Заметив, что его слова не оказали на меня ровно никакого влияния, мужичок снова прячет голову в плечи и начинает хныкать:

- Ну доххтор… ну, пожалуйста.

- Ладно уж. Раз такое дело… помогу, конечно. Однако ж… хоть бы раз доброму доктору магарыч принес! - намекаю шутливо.

- А кхак же, кхак же! - Мужичок поспешно кивает и вытаскивает из-за пазухи плоскую полулитровую бутылку без этикеток с бурой жидкостью внутри. Горлышко бутылки запечатано сургучом - на ум тотчас приходят старинные приключенческие романы, всякие там Робинзоны Крузо и прочие несчастные, потерпевшие кораблекрушение и оказавшиеся на необитаемом острове, ведь именно таким образом они пытались связаться с внешним миром. - Вот, господин доххтор, орехховая настоечкхха, кхак обещал, собственного приготовления, сорок три градуса… орешек там, травкхи всякие, полезная штучкха…

- Градусником мерил?

- Эхх… простите, что мерил?

- Крепость настоечки своей градусником мерил? - Я, наклонив голову, усердно роюсь в чемодане, чтоб посетитель не заметил широкой, от уха до уха, улыбки.

- Ну… эхх…

- Небось, и сорока нет, а ты - сорок три!

- Эхх… ну…

- Давай сюда, - приказываю.

Мужичок отдает бутылку. Разлив настойку в стаканы, протягиваю второй пациенту.

- Пей.

- Но доххтор… мне через полчаса на работу.

- Пей, говорю. Я выписал из Миргорода особые таблетки. Исключительно с алкоголем против такого дела действуют.

- Ахх… - Мужичок боязливо вертит стакан в руках. - Но босс-то, босс… заметит, унюхает! Вы бы, доххтор, справочкху мне выписали, что по лечебному, значит, делу настойкху с вами пил, а не запросто так!

- Будет тебе справка, - успокаиваю разволновавшегося посетителя и, выхватив из лежащей на столе ровненькой стопки бланк со штемпелем "Доктор Влад Рост", заполняю пустые строчки неразборчивым, как и у всех врачей, почерком.
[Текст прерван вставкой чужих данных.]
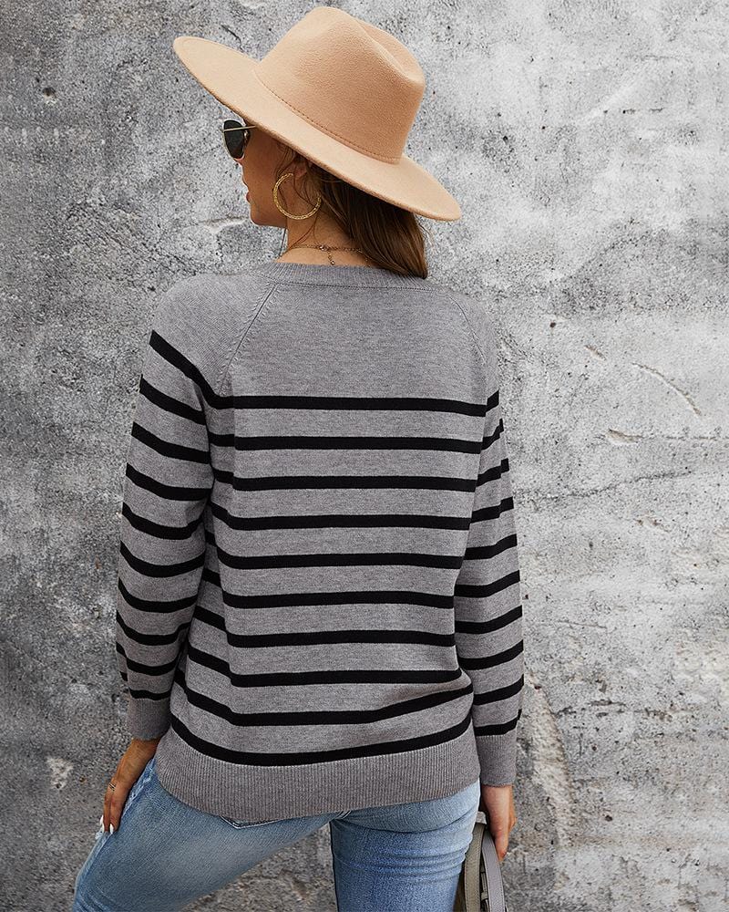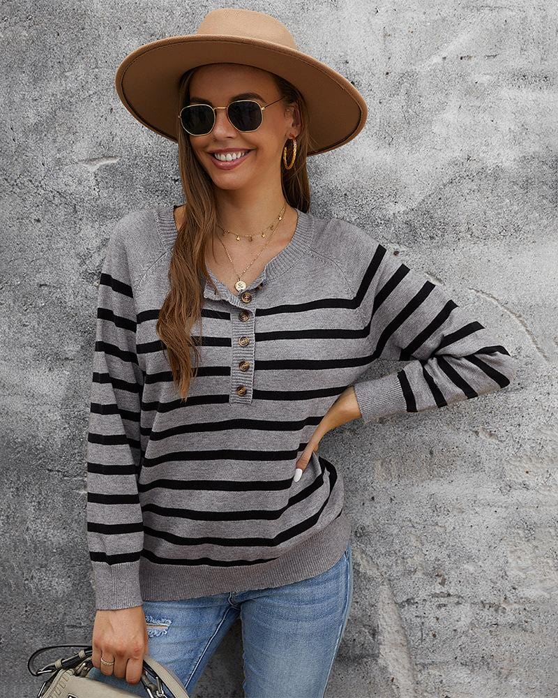 Round Neck Button Striped Sweater

Протягиваю мужичку три желтые таблетки с выдавленной полоской посредине.

- Одну выпьешь сейчас, остальные две - вечером, перед сном. И больше никаких Людочек!

- Что вы, доххтор, что вы, кхак можно! Ну совершенно никххакххих! С порога погоню! Встречу, через плечо три раза плюну, но не подойду!

- Правильно, - соглашаюсь. - Живи… - Я чувствую, как возникает контакт между мной и пациентом, чувствую все его хвори - и ту, что беспокоит его сейчас, и ту, которая может привести к серьезному заболеванию печени, еще что-то по мелочи. Сосредоточиваюсь и чищу организм больного, делаю это осторожно и деликатно, с расчетом на то, чтоб заметное улучшение наступило не сразу, а ближе к вечеру, по возможности, ночью. Завтра утром он выздоровеет окончательно. Не спрашивайте, как мне это удается - я просто могу, это факт, который надо принять. - Живи долго, мой любезный…

- Франтишек… - подсказывает мужичок, проглатывая настойку и таблетку. - Неместные мы, доххтор, разнорабочими подрабатываем, вот и… - Выпив настойки, он мгновенно косеет. - Вот и приходится со всякими стрёмными бабами водиться… оттуда и болезни эти.

- А баба твоя - что? - спрашиваю как бы мимоходом. - Не хочет прийти подлечиться?

- Доххтор, я ж вам рассказывал уже! Боится она вас, кххолдуном считает! - Я вздрагиваю, услышав эти слова, но Франтишек меня не подозревает, он вертит в руках стакан, видимо, ожидая, что я налью ему еще, и разглагольствует: - Боится-то боится, дура, а сама к бабкхе кхакхой-то ходит, та ее отварами лечит, да что-то никхак не залечит… Говорил ей уж: иди, дура, к доххтору, он же светило наукхи, из самого Миргорода к нам прибыл! А что его ворожеем некхоторые считают, так это глупости, он ученый, это его малолетняя подружкха Иркха помешанная малость, а доххтор, он не такхой, он добрый… - Мужичок вдруг спохватывается: - Доххтор, вы уж простите, что я о вашей Иркхе так, но ведь и в самом деле она того… А этот ваш дружок Лютич? Ну сущий дьявол! И палач он, и маскха его вратарская на жуткую рожу смахивает, и мусорщикхом подрабатывает, и в кххурьеры намылился - подозрительные письмишки носит… Натурально, говорю вам, злодей! И вас окрутит, даже не сомневайтесь. Бегите от него!